• _Exercise_
Every record here must be copied exactly, except for the images it holds.

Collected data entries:
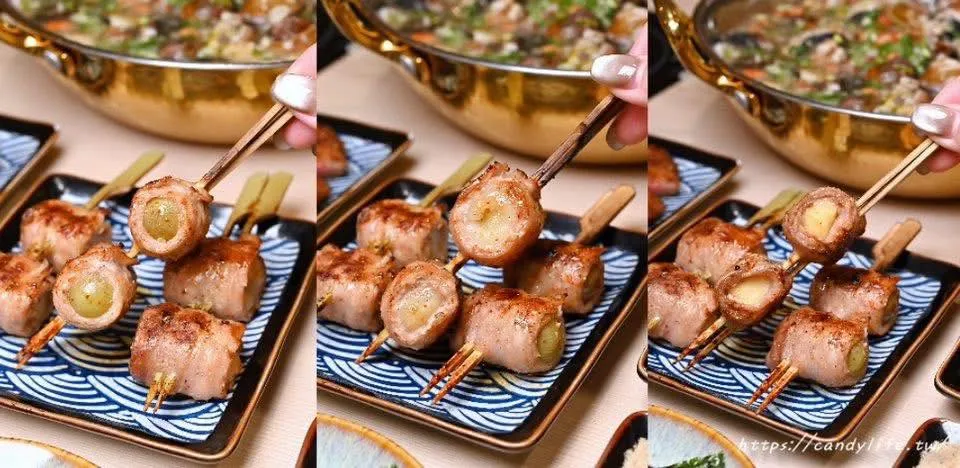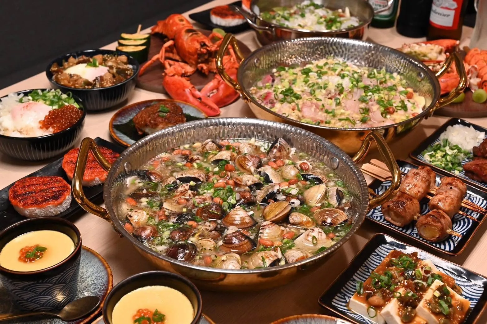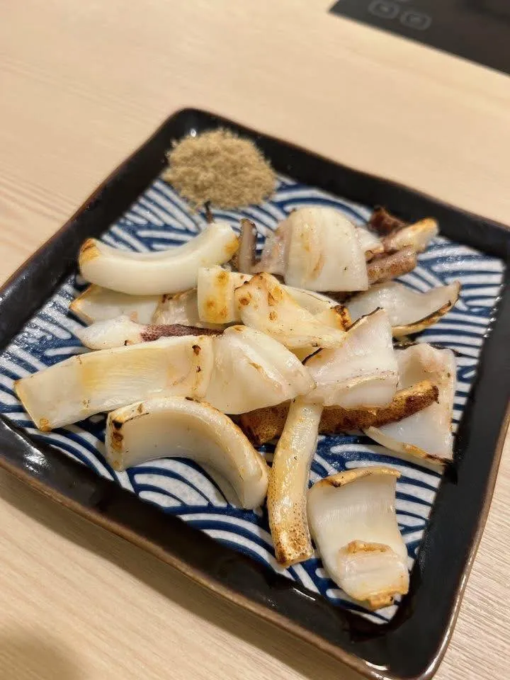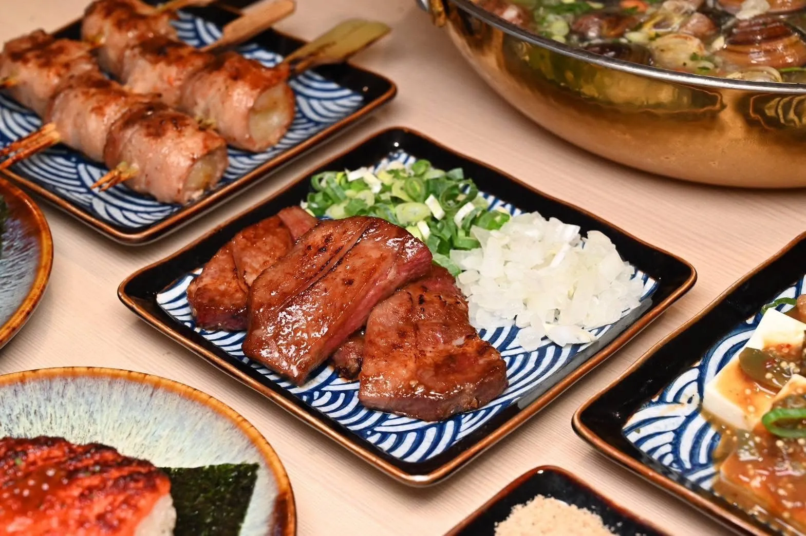 如厚切牛舌、烤帝王蟹腳、軟絲等,搭配火鍋一同享用。
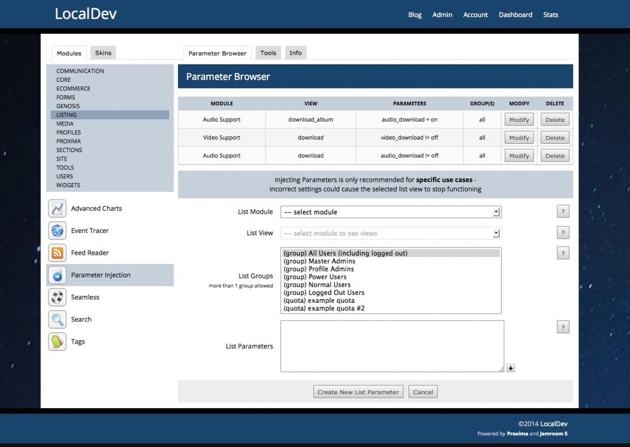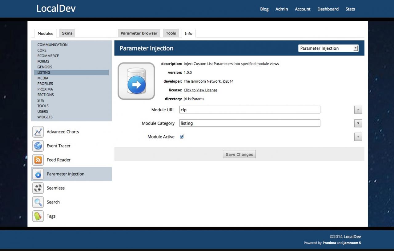 This module is designed for specific, advanced use cases - creating an incorrectly configured injection could cause your site to not function properly, so please use this module with caution and with the input of the Jamroom Network team.
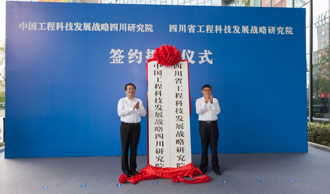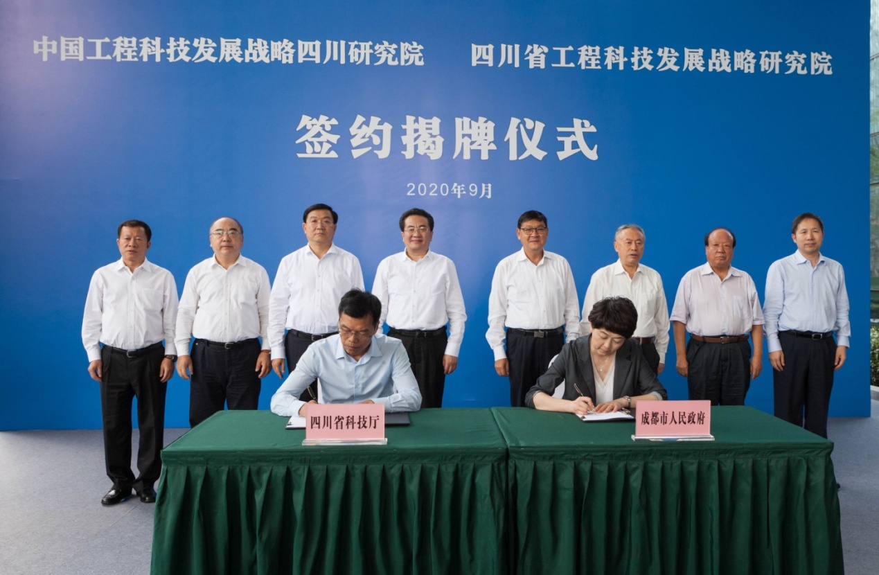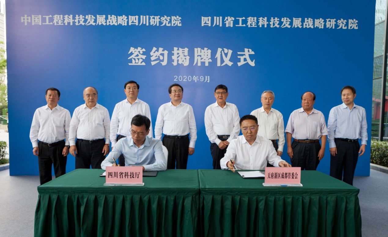 9月18日,中国工程科技发展战略四川研究院和四川省工程科技发展战略研究院签约揭牌仪式在天府新区举行。中国工程院院长李晓红院士、省委副书记邓小刚出席仪式并揭牌。成都市委副书记、代市长王凤朝,中国工程院院士赵宪庚、胡文瑞、王玉忠,省委副秘书长杨天宗,科技厅党组书记、厅长刘东出席仪式。
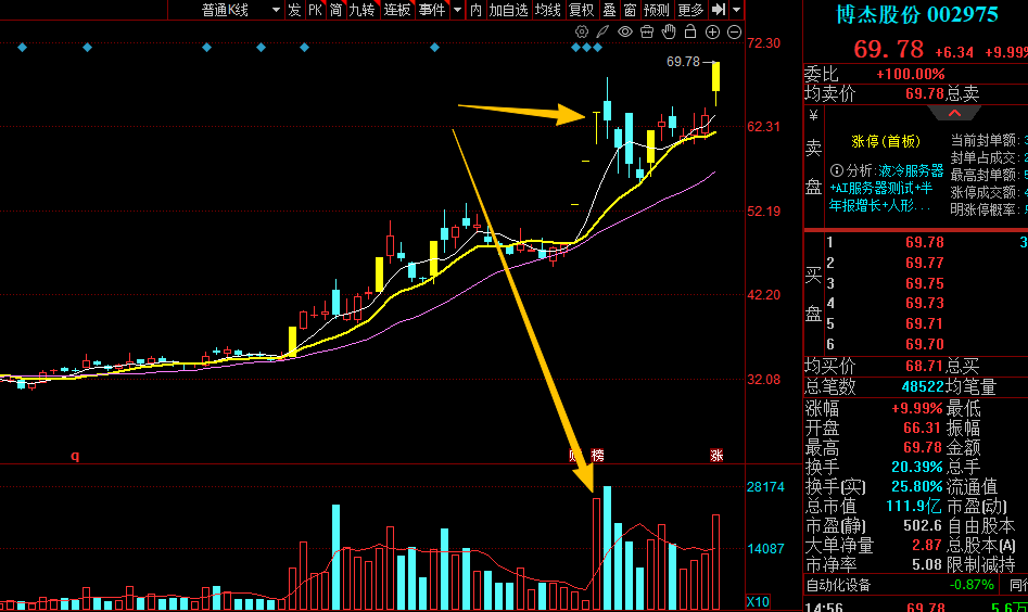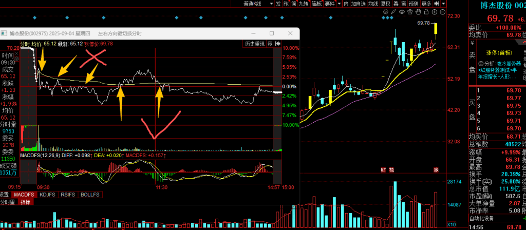 案例1:博杰股份,液冷的补涨龙头,9月3号爆量分歧,次日弱转强。
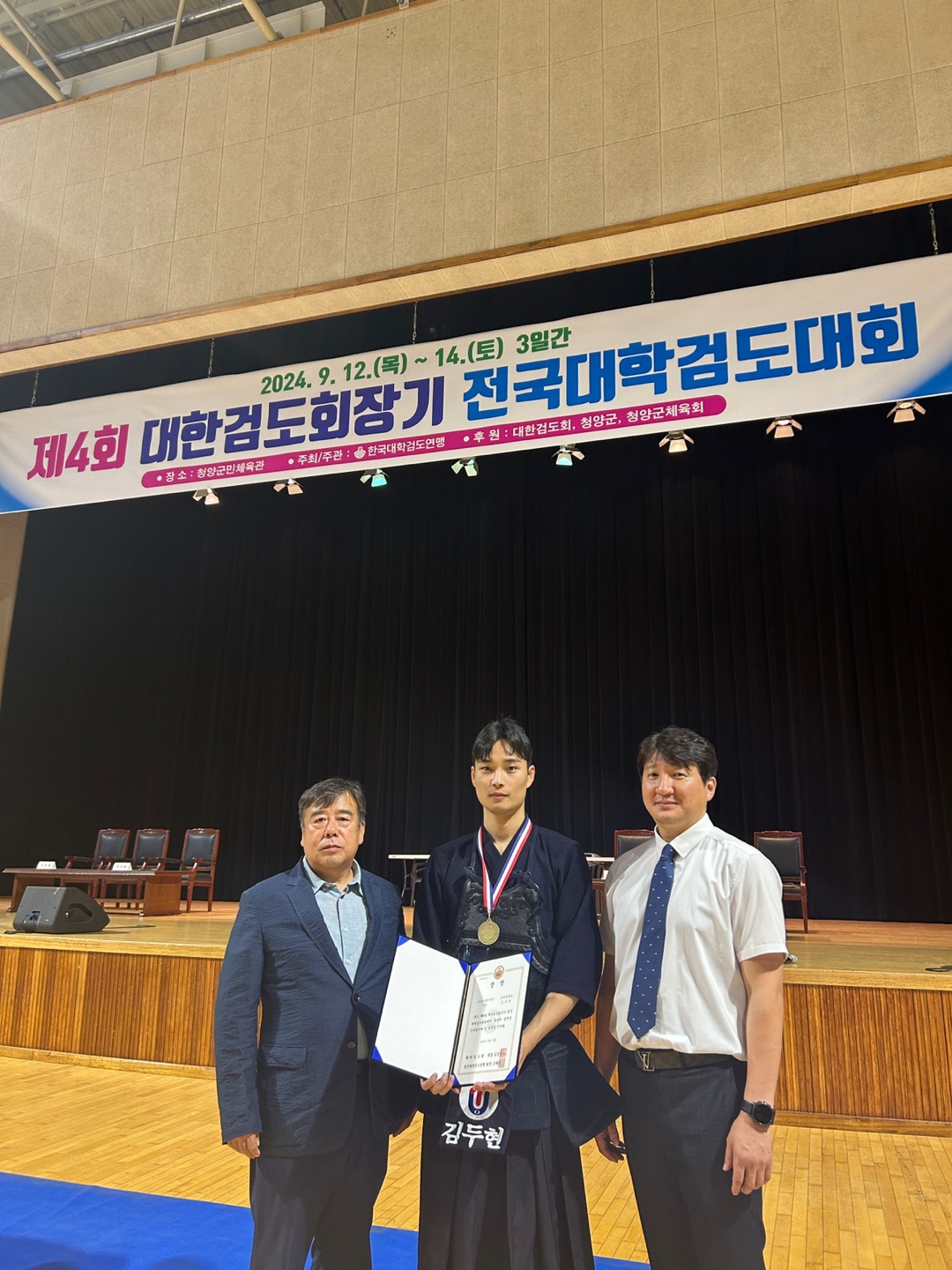 충북 유원대학교 스포츠학부 공수빈(4학년) 선수가 지난 23~25일 열린 ‘23회 회장기 전국대학검도선수권대회’에서 여자부 개인전 우승을 차지했다. 여자1부 개인전에 출전한 유원대 공수빈 선수는 예선전에서 경운대학교 김유정 선수를 2대0으로 이기고 16강에 올라 용인대 정현지 선수를 2대0으로 꺾었다. 8강에서는 경북대학교 김서윤 선수를 1대0으로 이겼고 준결승전에서는 국가대표인 경북대학교 신동아 선수를 1대0으로 승리해 결승전에 진출했다. 결승전에서는 국가대표인 용인대학교 김은빈 선수와의 긴 연장전 끝에 멋진 머리 한판으로 우승을 거머쥐었다. 또 남자1부 통합 단체전에서 유원대팀(남현준, 김규민, 박성준, 이범준, 김두현, 이경태, 김희찬, 김영운, 김성일)이 16강에서 제주대를 만나 6대1로 대승을 거뒀고 8강에서 경운대를 4대1로 이기며 4강에 진출했다. 4강전에서는 용인대학교와 맞붙어 2대2 동점 상황에서 1포인트 차이로 결승에 올랐다. 결승에서는 대전대를 만나 5대1로 아쉽게 패배하며 준우승에 머물렀다. 이외에도 '22회 회장기 전국대학 OB 검도대항전'에서 남자 유원대학교 OB팀(오상현, 강찬영, 남기원, 오정환)이 계명대 OB팀을 2대1로 승리하고 결승에 진출했으나 대구대 OB팀과의 결승에서 2대2 동점 후 1포인트 차이로 아쉽게 준우승을 차지했다. 유원대 검도부는 각종 국내 대회에서 우수한 성적을 거두며 세계검도선수권대회 등 국제 대회에서도 두각을 나타내고 있다. 이는 스포츠학부 김민환 교수의 지도하에 이룩한 성과로 유원대학교는 매년 명실상부한 검도 명문대학으로서의 면모를 보여주고 있다.
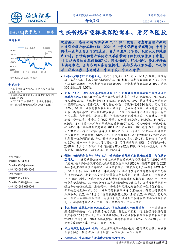 【海通证券】【20201108】综合金融服务行业周报:重疾新规有望释放保险需求,看好保险股-10页

• _Answer box_
 如厚切牛舌、烤帝王蟹腳、軟絲等,搭配火鍋一同享用。
 This module is designed for specific, advanced use cases - creating an incorrectly configured injection could cause your site to not function properly, so please use this module with caution and with the input of the Jamroom Network team.
 9月18日,中国工程科技发展战略四川研究院和四川省工程科技发展战略研究院签约揭牌仪式在天府新区举行。中国工程院院长李晓红院士、省委副书记邓小刚出席仪式并揭牌。成都市委副书记、代市长王凤朝,中国工程院院士赵宪庚、胡文瑞、王玉忠,省委副秘书长杨天宗,科技厅党组书记、厅长刘东出席仪式。
 案例1:博杰股份,液冷的补涨龙头,9月3号爆量分歧,次日弱转强。
 충북 유원대학교 스포츠학부 공수빈(4학년) 선수가 지난 23~25일 열린 ‘23회 회장기 전국대학검도선수권대회’에서 여자부 개인전 우승을 차지했다. 여자1부 개인전에 출전한 유원대 공수빈 선수는 예선전에서 경운대학교 김유정 선수를 2대0으로 이기고 16강에 올라 용인대 정현지 선수를 2대0으로 꺾었다. 8강에서는 경북대학교 김서윤 선수를 1대0으로 이겼고 준결승전에서는 국가대표인 경북대학교 신동아 선수를 1대0으로 승리해 결승전에 진출했다. 결승전에서는 국가대표인 용인대학교 김은빈 선수와의 긴 연장전 끝에 멋진 머리 한판으로 우승을 거머쥐었다. 또 남자1부 통합 단체전에서 유원대팀(남현준, 김규민, 박성준, 이범준, 김두현, 이경태, 김희찬, 김영운, 김성일)이 16강에서 제주대를 만나 6대1로 대승을 거뒀고 8강에서 경운대를 4대1로 이기며 4강에 진출했다. 4강전에서는 용인대학교와 맞붙어 2대2 동점 상황에서 1포인트 차이로 결승에 올랐다. 결승에서는 대전대를 만나 5대1로 아쉽게 패배하며 준우승에 머물렀다. 이외에도 '22회 회장기 전국대학 OB 검도대항전'에서 남자 유원대학교 OB팀(오상현, 강찬영, 남기원, 오정환)이 계명대 OB팀을 2대1로 승리하고 결승에 진출했으나 대구대 OB팀과의 결승에서 2대2 동점 후 1포인트 차이로 아쉽게 준우승을 차지했다. 유원대 검도부는 각종 국내 대회에서 우수한 성적을 거두며 세계검도선수권대회 등 국제 대회에서도 두각을 나타내고 있다. 이는 스포츠학부 김민환 교수의 지도하에 이룩한 성과로 유원대학교는 매년 명실상부한 검도 명문대학으로서의 면모를 보여주고 있다.
 【海通证券】【20201108】综合金融服务行业周报:重疾新规有望释放保险需求,看好保险股-10页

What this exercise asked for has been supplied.